金利引き下げの可能性に関するニュースにより、IPOの機会が再開され、スタートアップ業界の状況が改善するかもしれないという楽観的な見方が広がっているが、世界のベンチャーキャピタル市場はまだ安定していないようだ。PitchBookの初期データによると、スタートアップへの世界のVC投資は2023年第4四半期も引き続き減少している。
Exchange では、スタートアップ、市場、お金について調査します。
TechCrunch+で毎朝読んでください。または、毎週土曜日にThe Exchangeニュースレターを受け取ってください。
米国では2021年の熱狂的な時期に比べると状況は大幅に落ち込んでいるものの、投資動向は概ね新たな常態に達したようだ。米国のスタートアップ企業は2023年第4四半期に375億ドルを調達した。これは2023年第2四半期の376億ドル、2022年第4四半期の398億ドルとそれほど変わらない額だ。
対照的に、世界では次のようなことが起こっています。

我々はまだ下がっていますよ、皆さん!
正直なところ、第4四半期は最近の投資トレンドの範囲内で、底値ではなく、やや退屈な数字になるだろうと予想していました。しかし、通期の数字を見て、少し期待外れになってしまいました。
テッククランチイベント
サンフランシスコ | 2025年10月27日~29日
PitchBookによると、世界中のスタートアップ企業は昨年約3,457億ドルを調達しました。これは、2019年の3,334億ドル、2018年の3,512億ドルと比べると大きな差はありません。しかし、2023年第4四半期の766億ドルは、スタートアップ企業が第4四半期に調達した金額としては2017年以来最低の額です。つまり、2023年は早い四半期に多くの資金が調達されたため、実際よりも好調に見えるのです。

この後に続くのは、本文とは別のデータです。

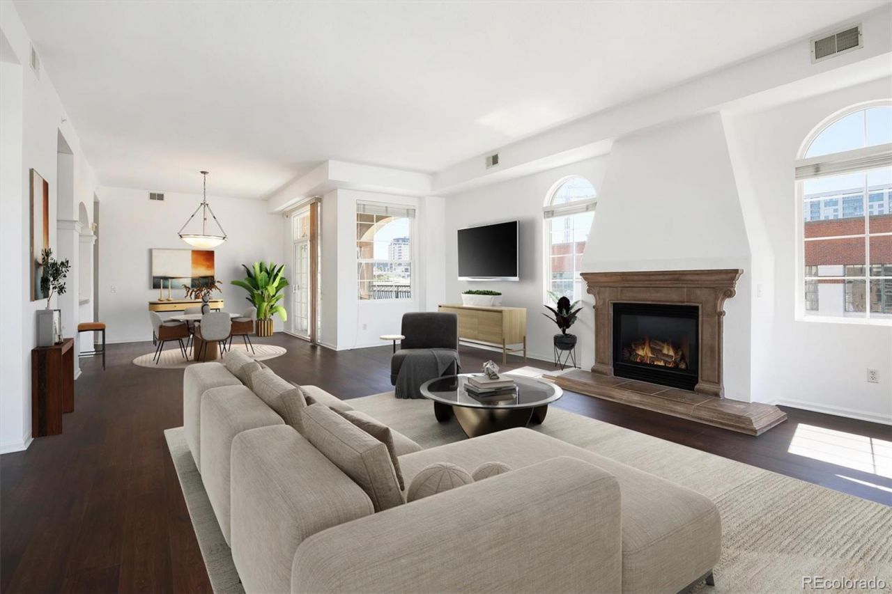 Stunning 2-bedroom, 2-bathroom CORNER condo for sale at Trieste with incredible mountain views! This fifth-floor unit is situated in the heart of the Golden Triangle, within a building featuring just 24 units, ensuring a tranquil and private environment. The condo offers a separate office space, adding to its practicality and versatility. Spanning approximately 1,665 square feet, it boasts a spacious and elegant living space with 10-foot ceilings. Enjoy the serene ambiance and luxurious feel of this exceptional residence. This condo features beautiful luxury vinyl floors throughout, and gas fireplace for those cold winter evenings. The well-appointed kitchen is equipped with stainless steel appliances, maple cabinets, and a beautiful granite countertop, creating a perfect setup for both entertaining and the modern chef. An eat-up bar adds to the convenience and functionality of the space. The condos private primary suite features a five-piece bathroom, complete with a tub and shower, as well as a spacious walk-in closet to accommodate your wardrobe and storage needs. Large laundry room with side-by-side washer and dryer. Enjoy your morning coffee or sunset cocktails from the two covered balconies while soaking in the sun and the majestic views of the mountains and city. Easy access to Denvers bike & walking paths along Cherry Creek Trail, and located one block from the Denver Art Museum. This condo includes two side-by-side parking spaces and one large storage space. New furnace and AC in 2024 and new washer and dryer in 2022.Building amenities include a rooftop deck with breathtaking views of both the Rocky Mountains and the urban landscape.

したがって、状況は着実に悪化しており、この継続的な弱さが新年も続く場合、世界の VC 投資が以前の水準に後退し始める可能性があります。
これは学術的なデータではなく、様々なスタートアップ市場で私たちが感じている苦悩が現実であることを示しています。私が言いたいのは、まさにこれです。
- ラテンアメリカの2023年第3四半期のベンチャー業績に光明
- インドのトップVCはスタートアップ投資の急落で新たな障害に直面している
- 昨年はアフリカの成長段階にあるスタートアップにとって厳しい時期だったが、2024年は良い面と悪い面が混在するだろう。
- 東南アジアへの資金援助は6年間で最低水準
- 中国における米国ベンチャーキャピタルの運命は不確実性に揺れている
- 中国のベンチャーキャピタル取引が急減、7年以上ぶりの最悪のペースへ
外はかなり厳しいですね。
それは残念なことです。2021年のベンチャーブームにおける、より興味深く(そして心強い)展開の一つは、歴史的に投資が不足していた分野に多額の資金が投入されたことです。しかし、この傾向はほぼ消滅しており、多くのスタートアップ企業が重要な資金源が消滅したことを実感していると言えるでしょう。
もっと皮肉な言い方をすれば、主要地域全てでベンチャーキャピタルへの関心が高まっている傾向は、今のところ、ゼロ金利政策(ZIRP)現象のように見える。残念なことだ。
さらに悪いことに、投資家自身による資金調達は減少しています。PitchBookによると、世界中のベンチャーキャピタルが昨年調達した総額はわずか1,609億ドルで、2015年の1,193億ドル以来の最低水準です。ちなみに、2016年には1,749億ドルを調達し、2021年には3,797億ドルというピークに達しました。
まとめると、ベンチャーキャピタリストが昨年調達した資金は減少したため、今年は投資に利用可能な資金も減少する可能性が高い。つまり、ベンチャー投資が大幅に回復すると期待する理由はないということだ。
もちろん、状況が好転する可能性はあります。今年中に金利が引き下げられる可能性があり、それが現在の低迷からの脱却を促す可能性があります。しかし、状況を大きく変える何かがない限り、2024年の世界のベンチャー活動が回復する確固たる根拠を見出すことはできません。欧州や米国といった一部の市場は好調な年を迎える可能性が高いように見えますが、それ以外の世界の見通しは暗いです。
アレックス・ウィルヘルムは、TechCrunchのシニアレポーターとして、市場、ベンチャーキャピタル、スタートアップなどを取材していました。また、TechCrunchのウェビー賞受賞ポッドキャスト「Equity」の創設ホストでもあります。